King Wen created his arrangement while imprisoned by
the Shang emperor.  It was not an arrangement to describe
abstract principles, but to describe his life and how it
could be useful in overthrowing the corrupt Shang emperor
and setting up a better government.
The 64 King Wen hexagrams are arranged in 32 dual pairs.
For 28 of the pairs, one is the other turned upside down.
8 hexagrams are the same turned upside down,
so they make up 4 pairs of opposites.
The 28 upside-down symmetric pairs have a similar symmetry
to the 28-dimensional antisymmetric real 8x8 matrices
that represent Spin(0,8) of the D4-D5-E6-E7 physics model.

King Wen's arrangement is designed for life in our physical world,
beginning with pure Yang, forward moving Heaven,
and ending with a hexagram described by two characters
that mean "not yet across (a river)",
so that its ending is really also a beginning,
just as in real life.
Perhaps that is why the King Wen arrangement is the one
most often seen in present-day I Ching books.

Another son of King Wen was the Duke of Zhou,
the brother of King Wu (Wu-wang).
When King Wen wrote about the 64 hexagrams,
he wrote for each entire hexagram a Judgment.
The Duke of Zhou wrote a poetic text, the Line Text,
for each hexagram Judgment.
Each poem line corresponds to a hexagram line,
and each whole poem goes with
the Chinese characters for each hexagram Judgment.

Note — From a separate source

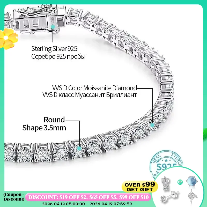 ATTAGEMS-Bracelet Tennis Moissanite pour Femme, Argent 925 Plaqué Or Blanc, Coupe Ronde GRC, Passe au Document D, Cochon 4,0mm

Much later commentaries, such as the Ten Wings,
have been added to the present-day I Ching books.

My opinion about such later commentaries is
the same as that of Rosemary and Kerson Huang:
"The poetic aspect of the I Ching,
however, has been obscured by the Ten Wings.
How can you enjoy poetry if every line is followed
by government regulations on how to read it?"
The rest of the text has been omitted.